We "take it all for granted", except we will never have all of Pi... 😥
"One : Mathematics is the language of nature.
Two: When we study that nature, patterns emerge.
Three: ...."
Oh my god the adventures of Wilson at the end is one of the greatest animated artistic masterpieces I've ever witnessed. How clever and hilarious, I absolutely adore that 💜
Hey Martin, small tip: often when sampling a parameter, you're interested in how an output scales with it, so you're interested in factors and you want to see stuff on a logarithmic scale. Then you don't want sampling points spaced evenly on a linear axis, you want sampling points spaced evenly on a logarithmic axis and then it makes a lot of sense to use E12 (or start out with E6, sample key areas with E12 or E24 numbers) numbers and you'll do far less useless sampling.
Best comment in the comments :)
0:00-10:30 Martin, making progress...
10:30-16:13 Martin, loosing it...
I hear ya buddy, it's taxing.
But pls keep your marbles together 😉
Your quest to have the marble machines play as tightly as a person is capable of was surpassed long ago.
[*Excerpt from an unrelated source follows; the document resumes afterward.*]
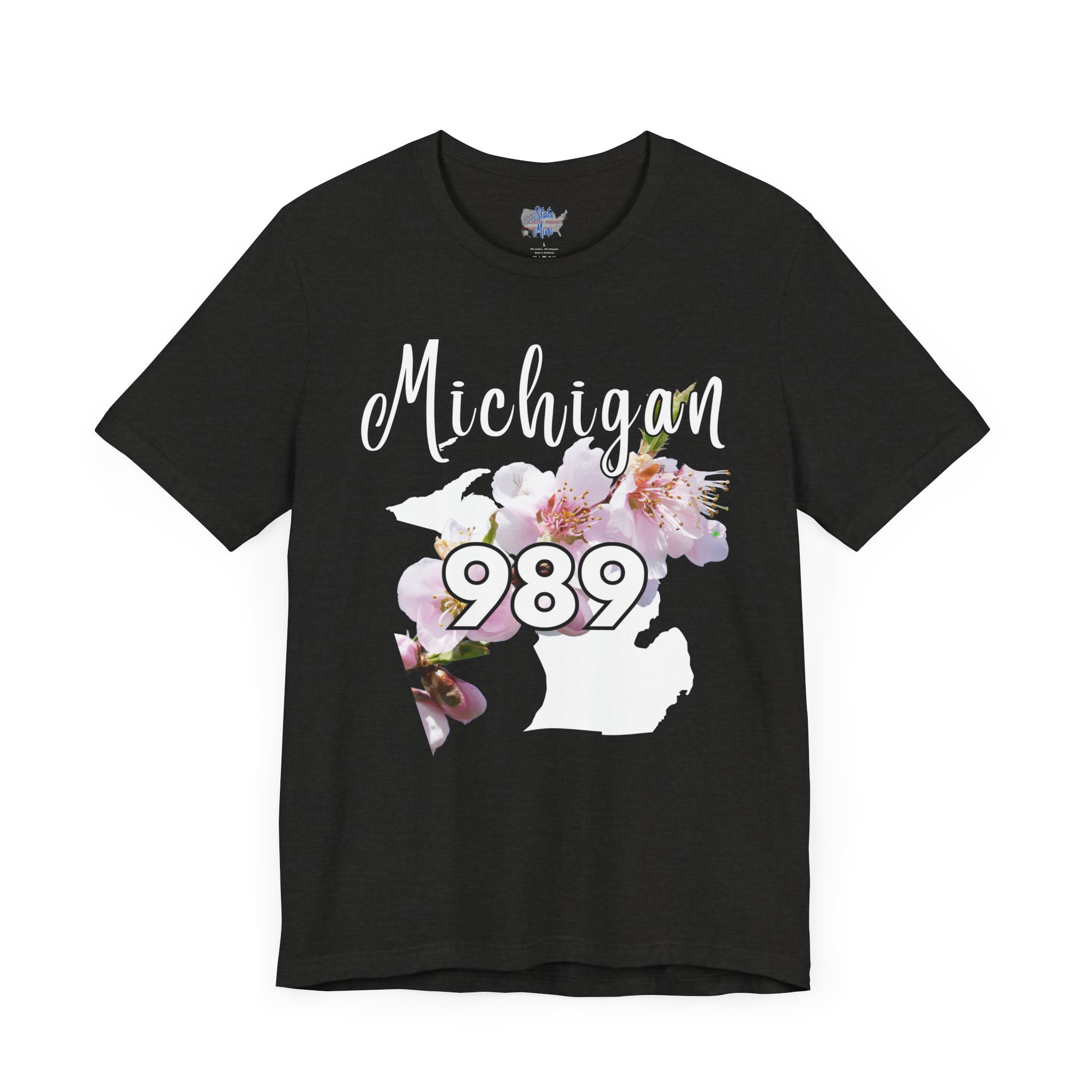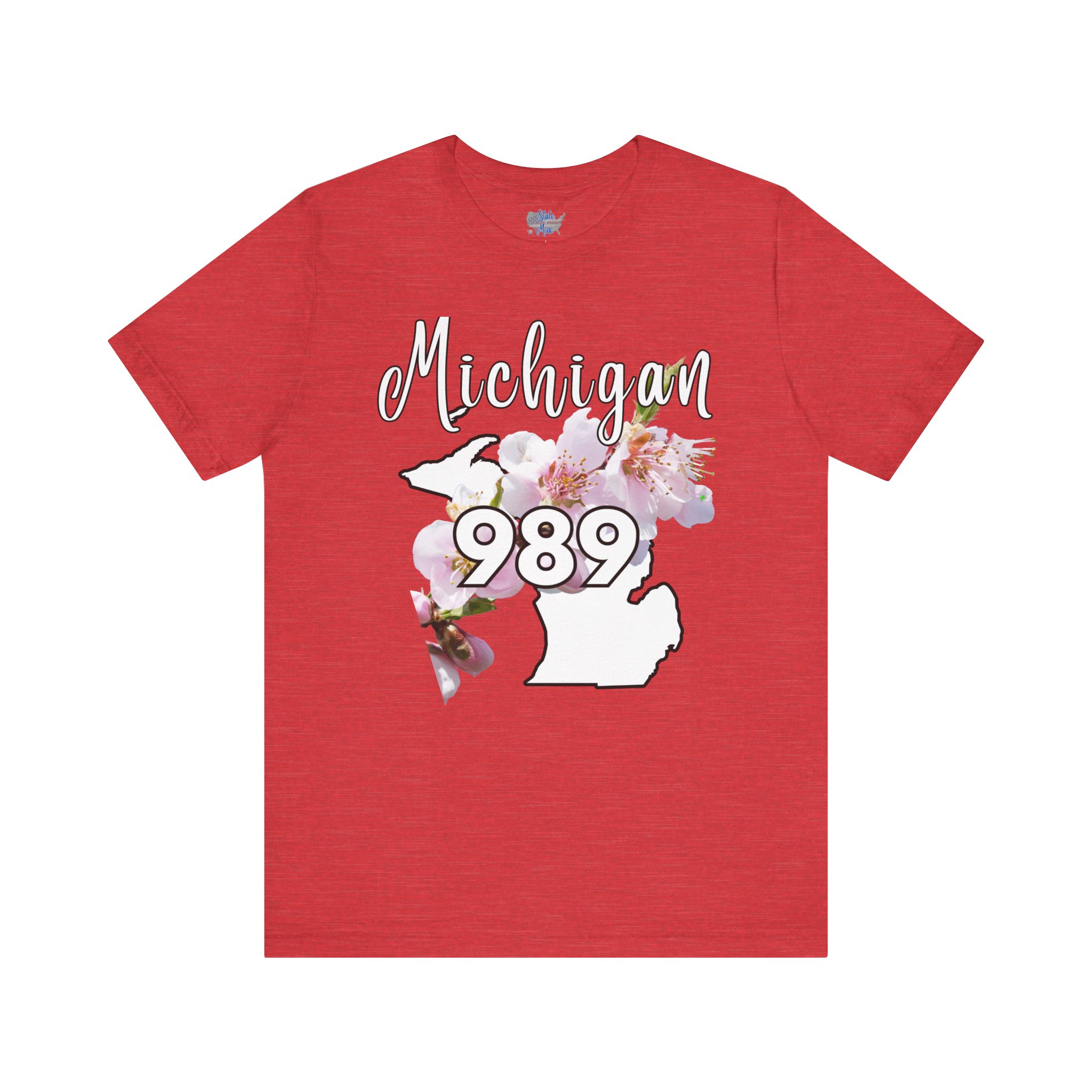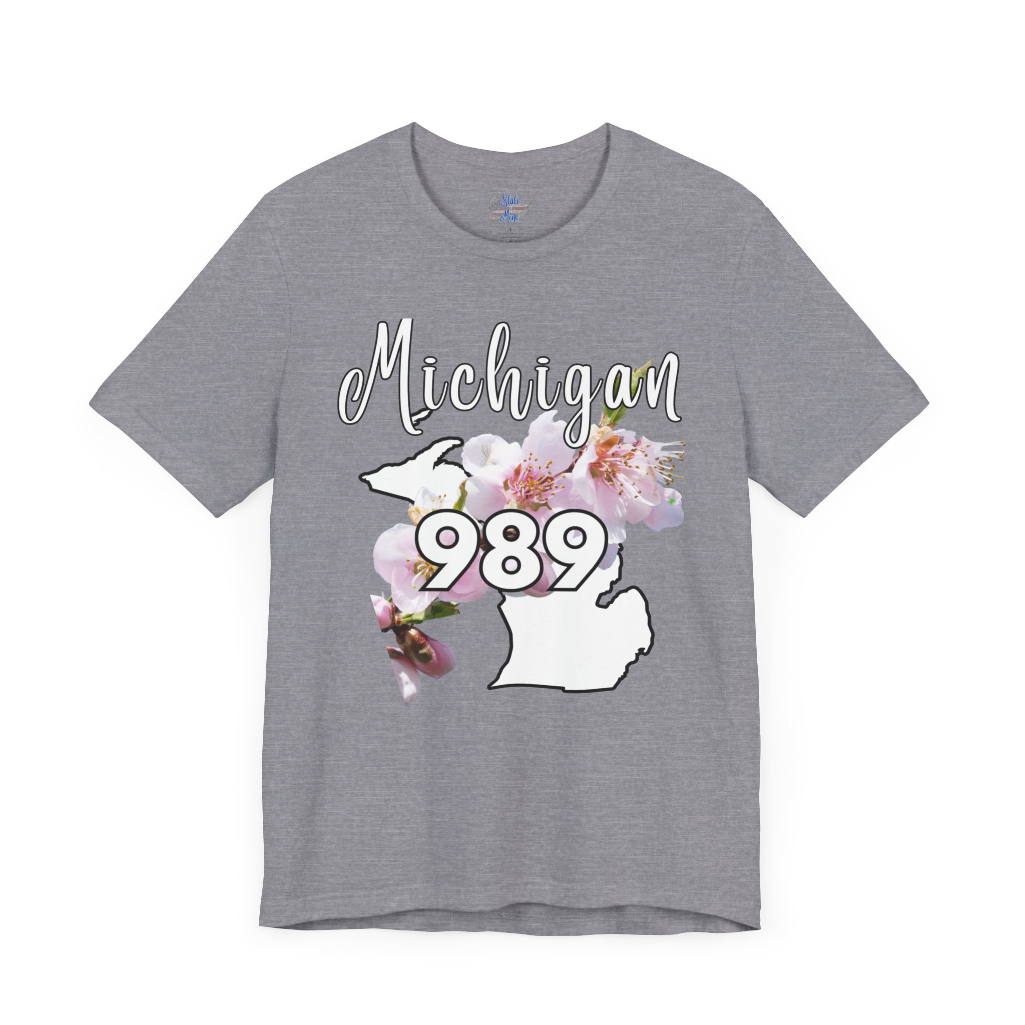 Michigan State Flower The Apple Blossom 989 Area Code by State of Mine. Unisex Jersey Short Sleeve Tee – Cozy Everyday Wear, Casual Style, Summer Essentials, Gift for Friends, Graphic Tee

You are already at the nanosecond difference stage. Honestly Martin, I think you may be a little obsessed with this concept.
This is great. You are growing so much in the engineering field by doing this methodical process. As an engineer and percussionist myself, I have always found a relationship between the two disciplines. There is very little that will ever stop you once you find the balance between creativity and problem solving. Keep going, I think you are well on the path to success.
Great video! As a mechanical engineer I highly recommend keeping in mind the interaction between all the gates as you start to add channels. Since this timing is depending on materials and flex, it is also dependent on the "flex" of the total rig and other gates acting and reacting. It should hover around your findings here, but there WILL be impact from the total structure if there is vibration from the machine itself. Isolation dampers will be your friend if there is trouble long term. Best of luck!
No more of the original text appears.